I have the following data with two columns and 15 rows:
data_1 <- structure(list(column_1 = c(120, 130, NA, NA, NA, 130, 182, 130,
NA, 925, NA, 181, 182, 188, NA), column_2 = c(7, NA, 1, 1, 1,
3, 7, NA, 1, NA, 1, NA, 1, 1, 1)), row.names = c(NA, -15L), class = c("tbl_df",
"tbl", "data.frame"))
column_1 | column_2 | |
---|---|---|
1 | 120 | 7 |
2 | 130 | NA |
3 | NA | 1 |
4 | NA | 1 |
5 | NA | 1 |
6 | 130 | 3 |
7 | 182 | 7 |
8 | 130 | NA |
9 | NA | 1 |
10 | 925 | NA |
11 | NA | 1 |
12 | 181 | NA |
13 | 182 | 1 |
14 | 188 | 1 |
15 | NA | 1 |
- By using filters, I would like to keep the oberservations with the following values in column_1:
NA
, 130, 181, 182, 188 - Furthermore, I would like to remove all observations with the entry 7 in column_2
So far, this works by the following code:
data_1 %>% filter(is.na(column_1) | column_1 %in% c(130, 181, 182, 188), !column_2 %in% 7)

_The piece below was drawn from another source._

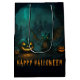 Ta Halloween-magin till firande med den här vismska presentväskan med en söt baby-drake omgiven av jack o lantern-pumpor. Både framsidan och baksidan visar teckningen med festivt meddelande "Happy halloween" som kan anpassas med din egen text eller namn. Perfekt för party favors, bus eller godis, godis eller skokiga säsong-gåvor är denna påse både roligt och fullt av charm.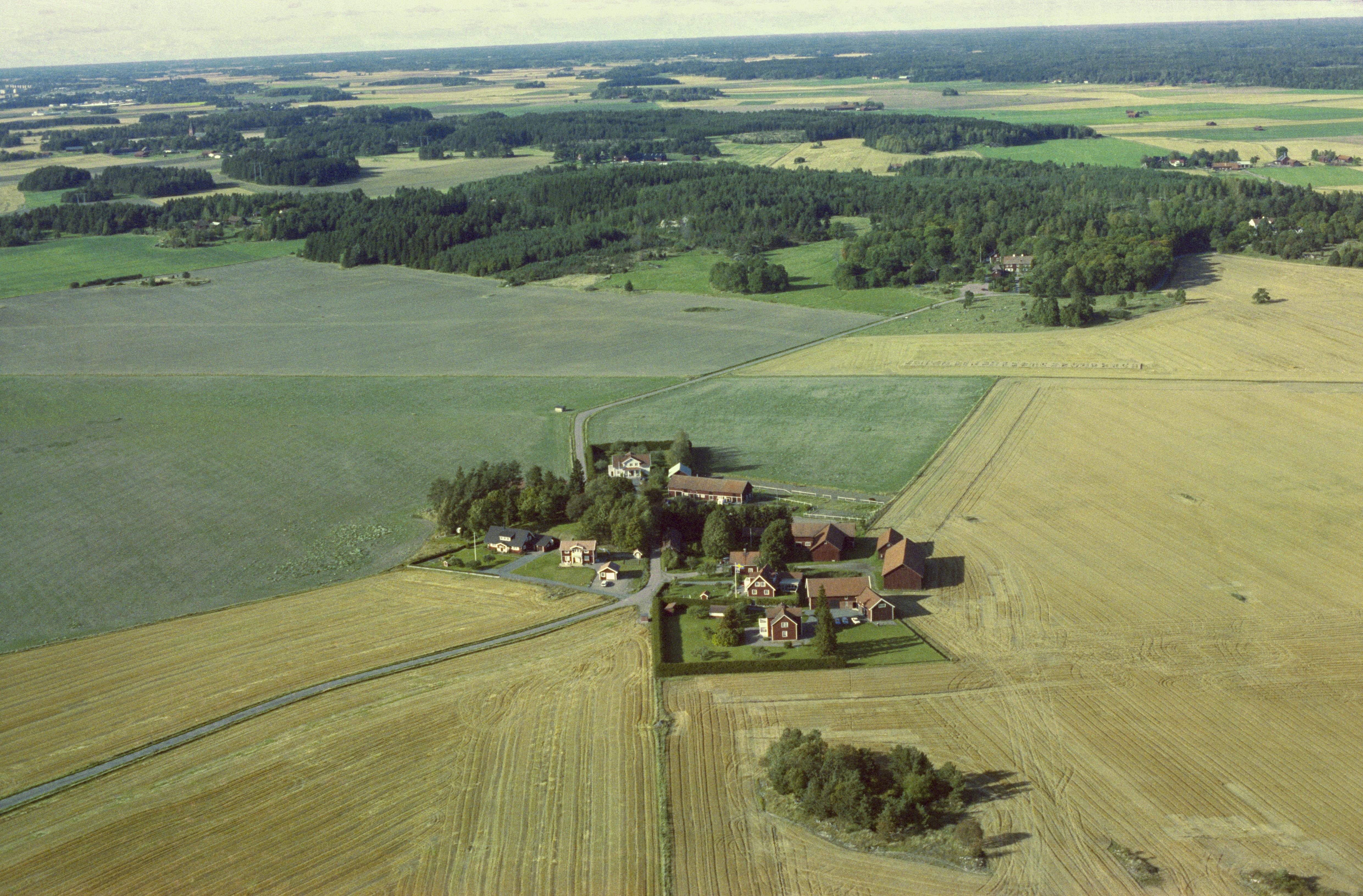 Beskrivning: Edeby gård. På västsidan av gården stensättning RAÄnr Danmark 96:1. I bildens övre del gården Linnés Hammarby. Bilden är tagen mot (väderstreck): NNV

Now I want to add an additional filter: If the value is 130 in column_1 and in column_2 it is a NA
, then remove the oberservation (so the rows 2 and 8 in data_1). How could I do this? What are the best ways to achieve this conditional filter? I have tried the following commands so far, which do not lead to the desired result:
data_1 %>% filter(is.na(column_1) | column_1 %in% c(130, 181, 182, 188), !column_2 %in% 7) %>% filter(case_when(column_1 == 130 ~ !is.na(column_2)))
The result here is that only the entry 130, 3 is kept.
data_1 %>% filter(is.na(column_1) | column_1 %in% c(130, 181, 182, 188), !column_2 %in% 7) %>% filter(case_when(column_1 == 130 ~ !is.na(column_2), TRUE ~ is.na(column_2)))
Now two entries remain: 130, 3 and 181, NA
I have also tried the following two commands:
data_1 %>% filter(is.na(column_1) | column_1 %in% c(130, 181, 182, 188), !column_2 %in% 7) %>% filter(if (column_2 == 130) !is.na(column_2))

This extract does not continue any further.